Water beneath glaciers in Antarctica and Greenland is flowing into nearby oceans, carrying elements that might affect the way life grows and flourishes, new research has found.

The study, published today in the Proceedings of the National Academy of Sciences, found that subglacial lakes in Antarctica and streams emerging from under the Greenland Ice Sheet contain trace elements including iron, which has long been considered a necessary nutrient to feed phytoplankton, microscopic marine algae that act as a counterweight to global warming because they pull carbon dioxide out of the atmosphere.

“This is probably the first attempt to look at the whole suite of both nutrients and micronutrients in subglacial lakes at the same time,” said Berry Lyons, a co-principal investigator on the study, a professor of earth sciences, a university distinguished scholar at The Ohio State University and Sustainability Institute affiliated faculty.

Scientists have known since about 2007 that there are lakes draining beneath glaciers in Antarctica, and that those lakes are naturally occurring phenomena, not caused by climate change.

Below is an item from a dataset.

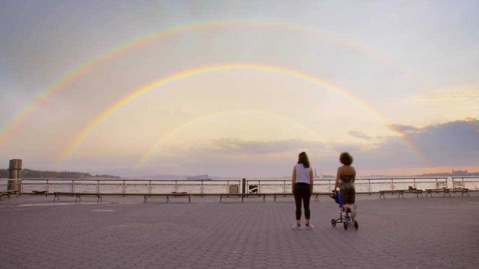 E ogni singolo istante passa sui social, per cui la regia è una costante e soggettiva story prima dal telefono di Ilana e poi da quello di Abbi, riproponendo fedelmente non solo i video ma anche i post con i loro commenti, tag, emoji, gif, esattamente come se noi le stessimo seguendo come si fa per qualsiasi influencer sul proprio Instagram. Questa perenne visione ci fa essere doppiamente spettatori, della loro giornata ma anche della nostra, che passiamo una porzione del nostro tempo a vedere condensate in una manciata di minuti le giornate di altre persona; una cosa che va oltre la curiosità dell’altro, ma diventa un modo per sapere chi è il prossimo e giudicarlo attraverso quella lente, quello schermo, che pretende di mostrarne veramente la vita – che è poi alla fine dei conti solo la migliore versione data in pasta al pubblico dominio. Lo scontro/incontro fortuito con una vecchia amica del college, sistemata e con quattro figli, è ancora una volta nella sua immensa semplicità lo scontro/incontro con la vita “vera” dell’altro, che siamo convinti di conoscere fino a quando poi capiamo che ne abbiamo solo una versione parziale ed edulcorata. Non a caso, quando Cheesy/Lindsay incontra le due ragazze, la narrazione riprende “normalmente” dall’esterno, torna ad essere vera-finzione, ed è lì che accade la magia: un triplo arcobaleno sovrasta la Statua della Libertà e le due protagoniste, ormai senza telefono, si ritrovano ad osservare da vere ammiratrici quello spettacolo della natura.

But this study shows that the water contained in subglacial lakes could affect surrounding oceans, something that had not been previously known.

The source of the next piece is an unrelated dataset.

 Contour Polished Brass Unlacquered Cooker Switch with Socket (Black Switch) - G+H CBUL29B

To understand the contents of the lakes and flowing water that form beneath glaciers, teams drilled into the ice sheet in West Antarctica until they reached the lake below, and sampled meltwater flowing out from under Leverett Glacier in Greenland. The lake they drilled to in Antarctica, Mercer Subglacial Lake, is named for the late John Mercer, a glaciologist at Ohio State and the Ohio State Byrd Polar and Climate Center’s first senior research scientist. The lake is about 500 miles from the South Pole; the glacier above it is a little more than a kilometer thick.